Люция тем временем окончательно освоилась на новом месте. Наша словачка совсем захандрила и слонялась по общаге как неприкаянная, иногда заходя на кухню, чтобы отварить себе картофель с кусочком масла — ничего другого, насколько я помню, она не ела. Возможно, это единственное, что она себе могла позволить: масло с углеводами.
Ей удалось заарканить другого бойфренда, когда она выпивала однажды вечером в «Розовом слоне» со Светланой. Но своего фотографа она все равно забыть не могла. Новый роман не затронул ее сердца, тем более что бойфренд пребывал в браке с бывшей моделью и уже давно отметил свое тридцатилетие. Я надеялась, что Люция не собиралась уводить его из семьи. Какая ирония, думала я: Люция теперь сама оказалась на месте более молодой модели. Но я ничего не сказала, решив не вмешиваться в чужие дела.

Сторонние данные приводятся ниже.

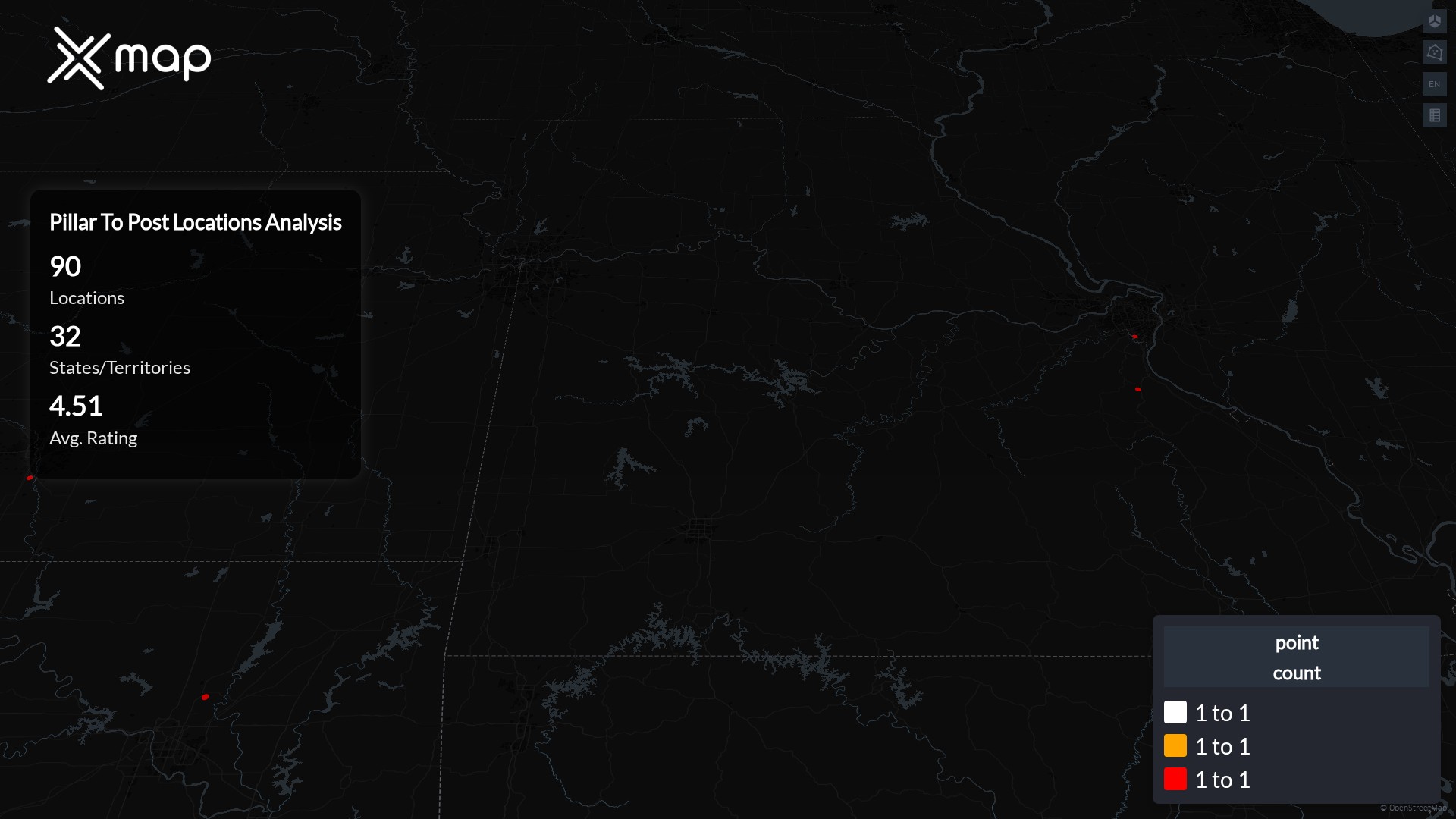 Pillar To Post POI data enables clear measurement of footprint and demand. Analysts can rank states and cities by location count, compare coverage on a per-capita basis, and use traffic scores and review volumes to spot high-performing markets and under-served pockets. The result is an objective view of saturation, growth opportunities, and performance outliers.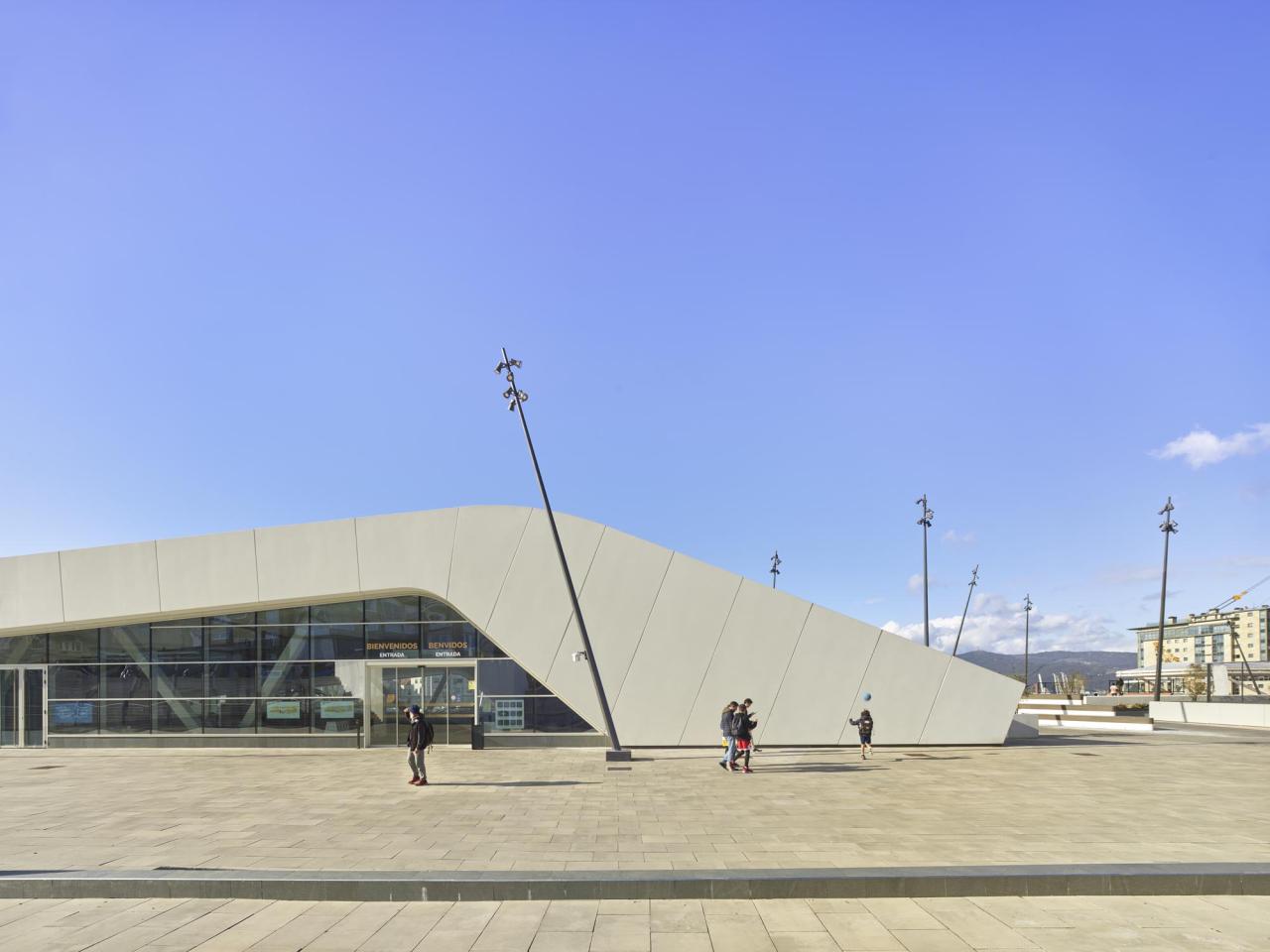 建筑的三面都嵌入城市肌理之中,而北侧立面则覆上穿孔钢板,朝向通往比戈的主要高速公路,展现出宏伟的姿态和富有动感的形象。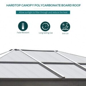 The polycarbonate roof is designed to block harmful UV rays while allowing natural light to filter through, creating a comfortable and inviting outdoor environment. The aluminum frame is lightweight yet robust, resistant to rust and corrosion, and requires minimal maintenance. Perfect for homeowners looking for a low-maintenance, durable, and visually appealing outdoor shelter, this gazebo enhances the usability and beauty of any outdoor space.
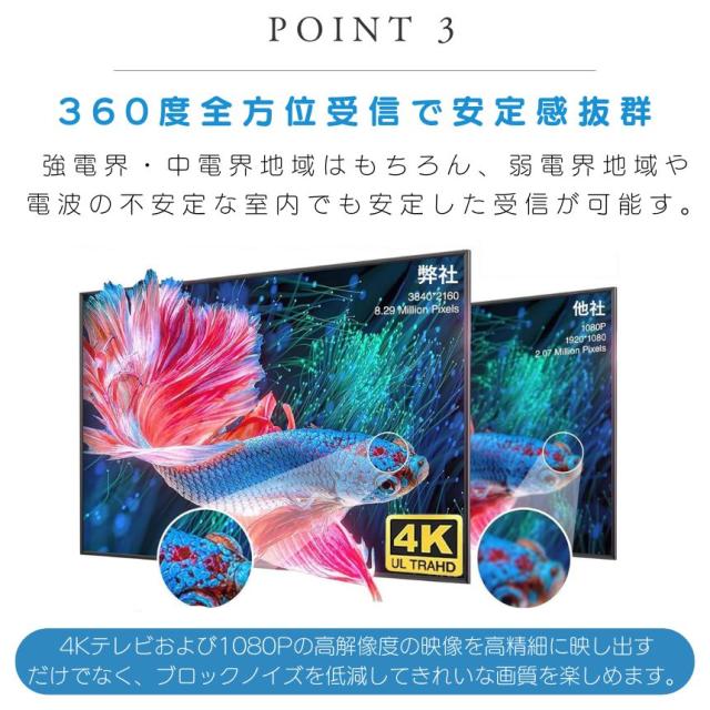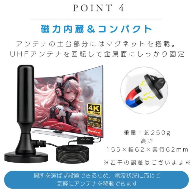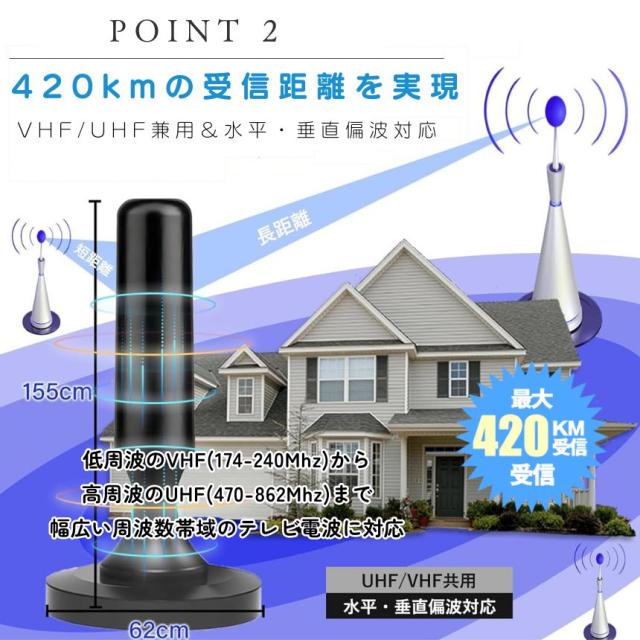 最大420kmの受信距離を実現した高性能なHD室内アンテナです。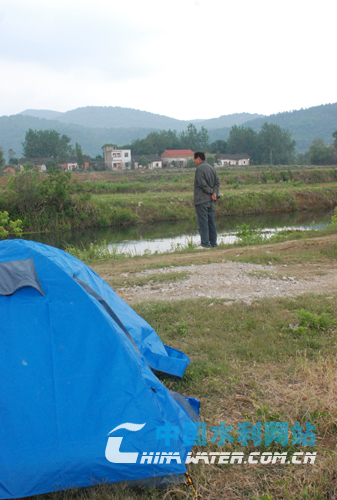 24日省防指再次派出督辦組,召集相關(guān)鎮(zhèn)領(lǐng)導(dǎo)和縣市防辦負(fù)責(zé)人一起從惠亭水庫灌區(qū)渠首開始督辦。在京山第61個(gè)剅管號,小小的藍(lán)色臨時(shí)帳篷闖入眼簾,里面被褥、枕頭、礦泉水一應(yīng)俱全,值守人員蓬著頭發(fā)正在關(guān)閉的閘門附近徘徊。他介紹,他的任務(wù)就是看好關(guān)閉的閘門,防止被農(nóng)民偷偷打開,做好前來質(zhì)問的農(nóng)民的解釋工作。白天在附近轉(zhuǎn)轉(zhuǎn),夜里在小帳篷里將就著睡,三餐都由惠亭水庫安排人送來。像這樣24小時(shí)值守在關(guān)閉的剅口閘邊的,惠亭水庫安排了十多人。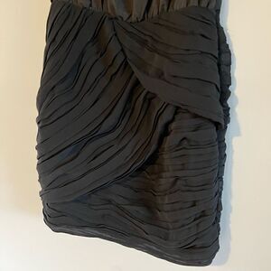 Gorgeous sleeveless dress from Greylin, size XS. Featuring sleeveless bodice with bust darts & raw hem, racerback detail, shirred/pleating to the fitted skirt with mini hem length, lined; excellent, like new condition, with plastic tag part still attached.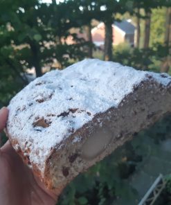 Gâteau traditionnel allemand, cette spécialité gourmande se conserve longtemps (plusieurs semaines) grâce au badigeonnage de beurre fondu à la sortie du four. Je vous le prépare avec des raisins trempés dans du rhum et des écorces d’oranges confites. C’est délicieux évidemment. A consommer en famille sans modération 😉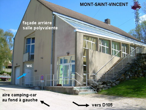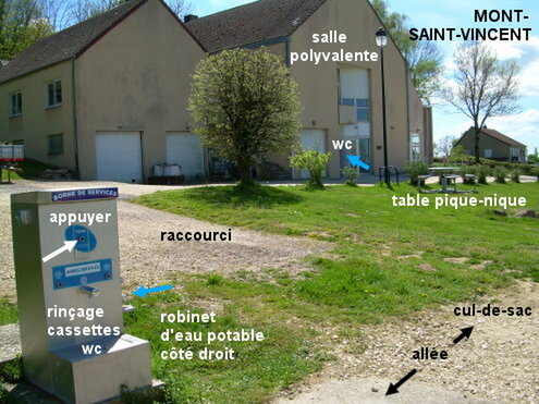 L'aire pour camping-car (fléchée) est située derrière la salle polyvalente sise à l'entrée du village sur la D105. Les toilettes sont dans le même bâtiment que la salle polyvalente, sur sa façade arrière, en face d'une aire de jeux. La borne pour camping-car avec robinets est implantée au bout de l'allée qui passe derrière la salle polyvalente. En provenance de Mary sur la D105, juste après le panneau de début de village (dans lequel la circulation automobile est interdite sauf aux riverains), tourner à gauche en suivant les flèches du parking obligatoire pour les visiteurs et de l'aire pour camping-car. Puis, en suivant la flèche de l'aire pour camping-car, tourner aussitôt à droite dans l'allée gravillonnée qui passe derrière la salle polyvalente, entre celle-ci et un site composé d'une aire de pique-nique, d'une aire de jeux et d'un terrain de basket situés côté gauche. 1a) La porte des toilettes sur la façade arrière de la salle polyvalente est identifiée par un petit écriteau avec le pictogramme ad-hoc (à 50 mètres de la D105, dont 25 mètres gravillonnés). N.B.1 : Il y a un lavabo et un grand évier dans lequel on peut facilement remplir des bidons de grande taille. 1b) L'aire pour camping-car est sur la gauche au bout de l'allée gravillonnée qui se termine en arc de cercle sur la gauche. N.B.2 : Pour faire couler l'eau, il faut d'abord appuyer sur le bouton situé sur la face avant de la borne (orientée côté opposé à la salle polyvalente) et ensuite tourner le robinet qui est sur le côté droit de la borne, qui est celui accompagné d'un pictogramme eau potable.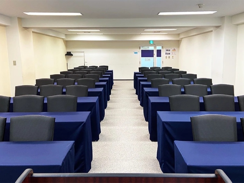 カンファレンスルーム4Aは、76㎡の広々とした空間と2.5mの天井高を備え、多様なビジネスシーンに対応する会議室です。スクール形式で51名、シアター形式で64名、立食形式で40名まで収容可能。島型、口の字、コの字、正餐など、様々なレイアウトにも柔軟に対応し、会議や研修、セミナー、懇親会など幅広い用途でご利用いただけます。JR新大阪駅から徒歩5分という抜群のアクセスと、経験豊富なスタッフによるきめ細やかなサポートも魅力。リーズナブルな料金設定で、質の高いビジネス環境をご提供し、お客様のイベントを成功に導きます。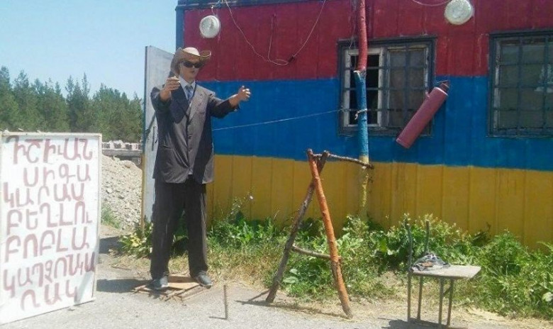 На севанской трассе манекен предлагает рыбу характерным жестом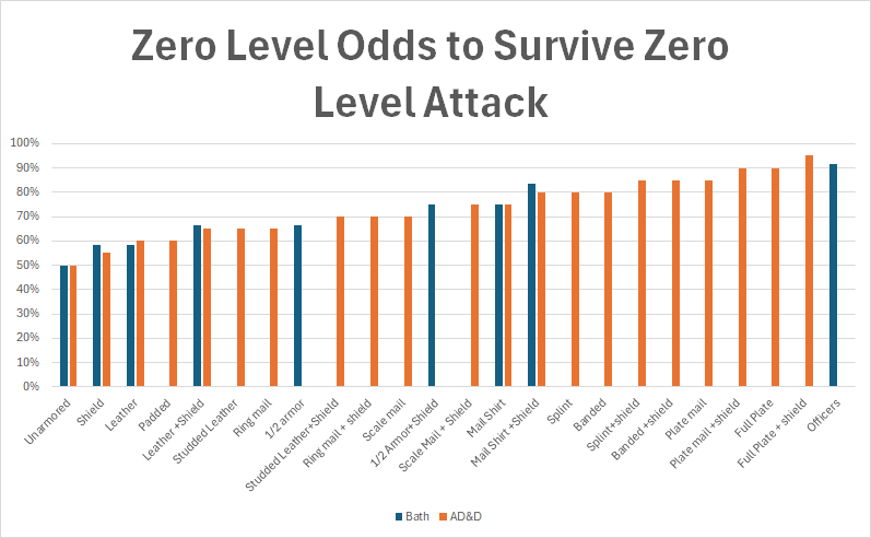 So, I then went and calculated the odds of surviving an attack using Bath’s system. Then I did the same for AD&D. Now, I needed to make some assumptions. The first being that for low level (or zero or first level) characters, that the average damage roll will kill such a character. A typical 0-level mercenary in AD&D has 4-7 hp with an average of 5.5 hp. The average spear might do 3.5 hp damage, and even a broadsword 5 hp average damage. So, maybe this isn’t a great assumption for AD&D. But we must remember that in OD&D the hit dice are based on Chainmail and are d6s, so then a common soldier would have 3.5 average hp. In any case, I went with the assumption that an average D&D hit kills.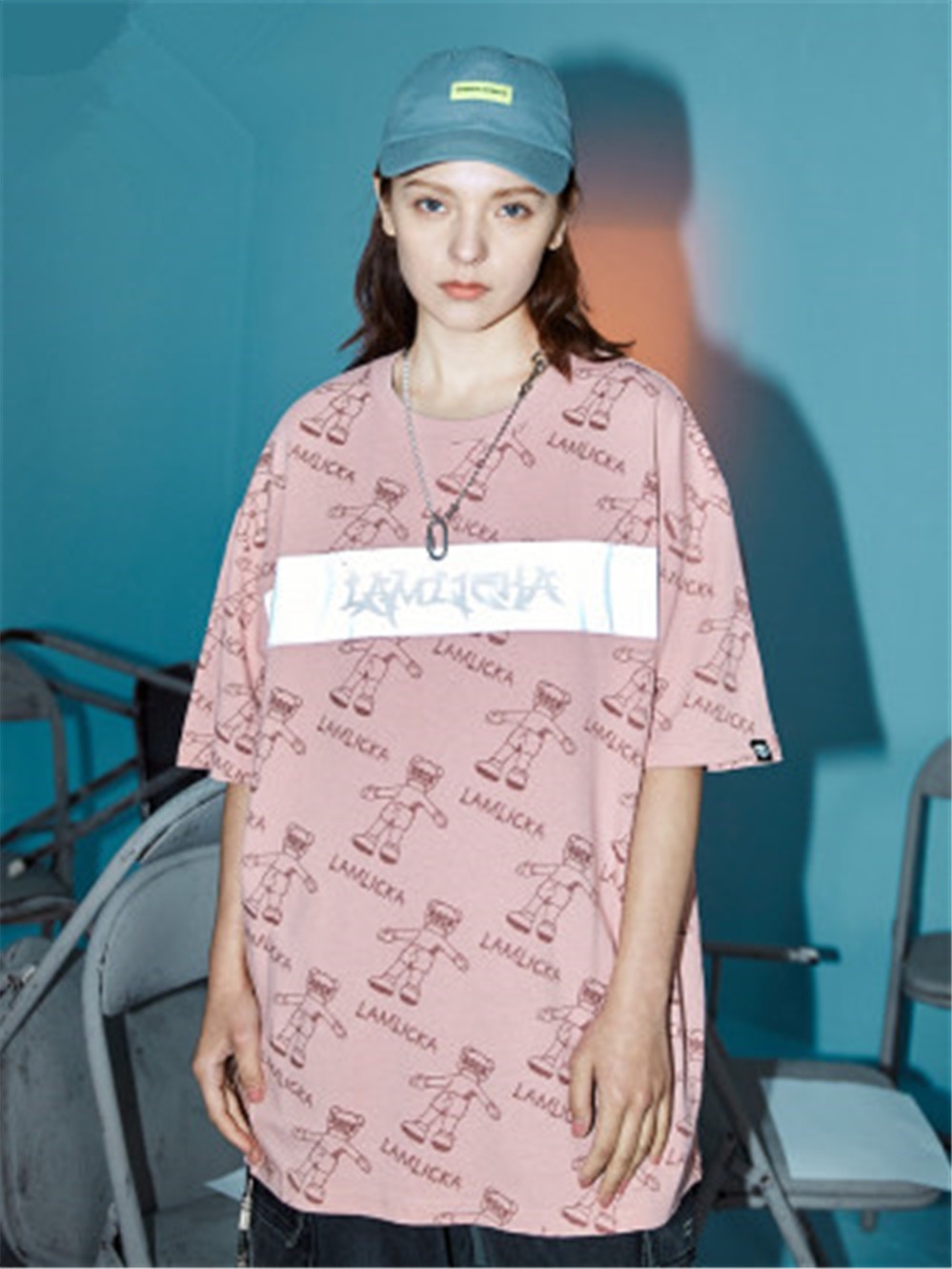 这款T恤采用了宽松的版型设计,穿着舒适自在,可爱的印花,充满了青春活力,搭配牛仔裤或者短裤都很好看。
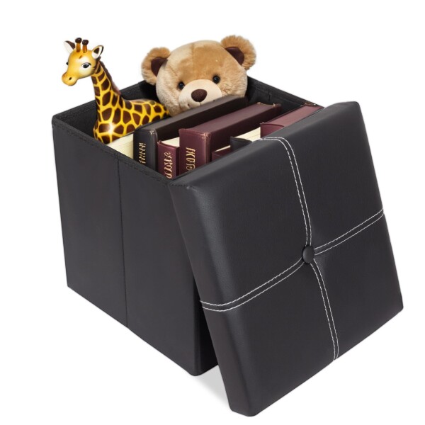 LONGSHINING 収納スツール 折りたたみ式 オットマン 幅30×奥行き30×高さ30cm 耐荷重80kg 収納ボックス 収納 足置き 椅子 踏み台 ボックススツール 持ち運びに便利 PUレザー リビング/玄関/寝室適用 (ブラック)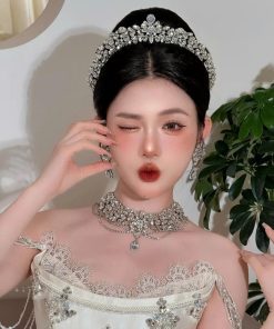 Vương Miện Hoa Đá Kèm Bông Tai Hoa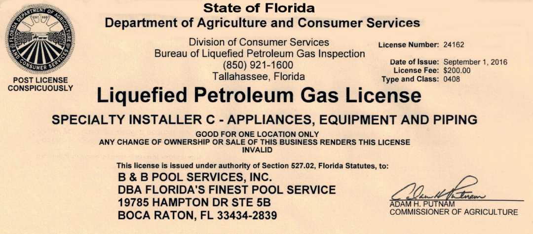 Florida's Finest Pool Service is state certified which allows us to legally repair pool equipment. In addition, our repair technicians regularly take continuing education courses to remain current and ensure the highest quality of repair work. Our repair scope also includes heaters, as we are LP 0408 licensed to repair and replace them. Most pool companies are not; having non-licensed personnel work on your heater can void your warranty.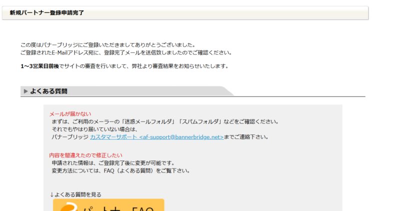 ③ 『新規パートナー登録申請完了』 下画像までいきますと1~3営業日前後で審査結果が登録したメールアドレス宛に届きます。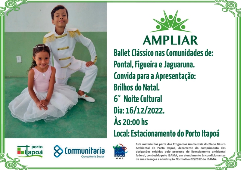 O evento, que é gratuito e aberto a toda a comunidade, também contará com a presença do Papai Noel. Serão duas noites imperdíveis de muita magia e espírito natalino e todos estão convidados a participar e trazer suas famílias. O espetáculo é uma realização do Porto Itapoá e Ministério do Turismo, via Lei de incentivo à Cultura do Governo Federal.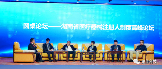 在高峰論壇上,湖南省藥品審評(píng)認(rèn)證與不良反應(yīng)監(jiān)測中心副主任彭慧芳宣講了“湖南省醫(yī)療器械審評(píng)審批制度改革概況”,全軍普通外科醫(yī)療??浦行母敝魅危魅吾t(yī)師、北大醫(yī)療腫瘤診療中心主任醫(yī)師徐迎新教授分享了“轉(zhuǎn)化醫(yī)學(xué)平臺(tái)的建立與存在的問題”。迅佳科技杜曉東、上海漢盛蔣海洪、全軍普通外科醫(yī)療??浦行母敝魅涡煊?、醫(yī)道社社長湯國平、湘潭市市場監(jiān)督管理局局長莫秋華、湘潭市中心醫(yī)院副院長李紹杰就“湖南省醫(yī)療器械注冊人制度”的議題開展了圓桌論壇。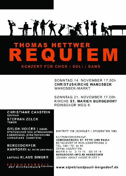 Am Sonntag, dem 14. November und am Sonntag, dem 21. November treten die Sopranistin Christiane Canstein und der Tenor Stephan Zelck, begleitet von den Gyloh-Voices und der Bergedorfer Kantorei, auf.
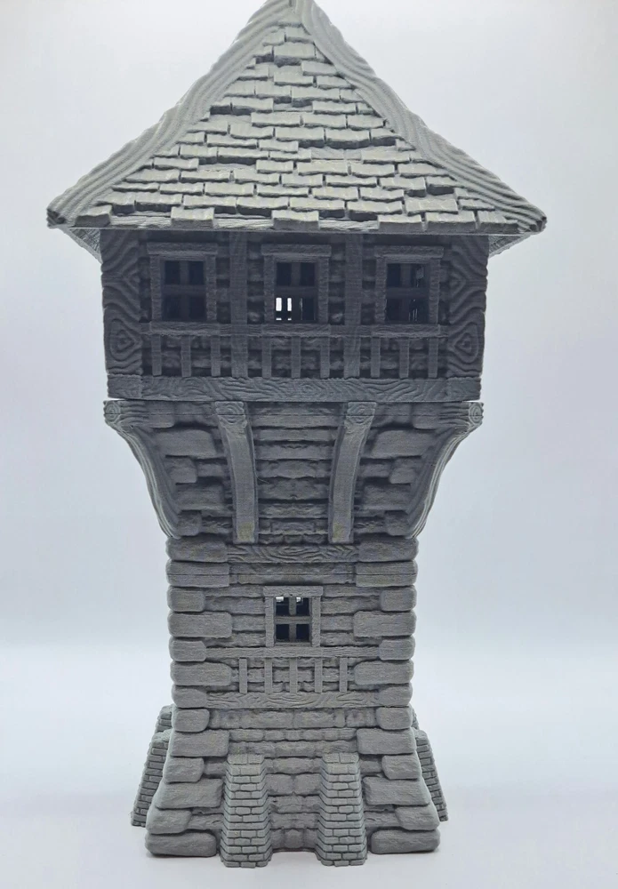 This 3d printed Wizards tower is perfect for tabletop roleplaying games and scenery. It's a great addition to any miniature or war game collection. The intricate details and high-quality printing make it a must-have for any fantasy enthusiast. The house is ideal for creating a unique and exciting atmosphere for your games. This tower is 3 stories tall and is suitable for 28mm and 32mm miniatures. It is a 3d printed with PLA plastic that ensure durability and longevity. Whether you're a seasoned player or just starting out, this tower is sure to impress. Add it to your collection today and take your gaming experience to the next level! Please note: it will come unpainted in a random color. However, it is very easily painted. Returns are accepted if the item does not match the listing description or is not accurate as advertised. If you have any questions or concerns please contact me. Accreditation Designer: Dani Amengual Check them out on myminifactory. https://www.myminifactory.com/users/DaniAmengual I am a licensed printer of Dani Amengual

Каждый вечер словачка совершала один и тот же ритуал, повергавший ее в уныние. Дело в том, что, когда она жила с фотографом, они один раз съездили в ее родной город. Бывший бойфренд захватил с собой видеокамеру и снимал там все подряд. Потом он смонтировал отснятое и подарил диск на ее двадцать первый день рождения. Люция была в диком восторге. Теперь этот фильм стал для нее горькой пилюлей.
Чуть ли не каждый вечер тоскующая по дому Люция вставляла диск в DVD-плеер и заставляла нас смотреть. Должна признать, в первый раз нам было интересно — фотограф очень умело все снял, ему удалось передать красоту, которую редко встретишь в домашних любительских фильмах. Вместе они побывали в дорогих для Люции местах, запечатлев, как она бегает по ферме, бродит по маленькому городку, разговаривает с людьми, со своей семьей. В фильме она была так счастлива, что мы ее с трудом узнали.
— Люция показать вам Словакию, — каждый раз говорила она, вставляя диск в плеер.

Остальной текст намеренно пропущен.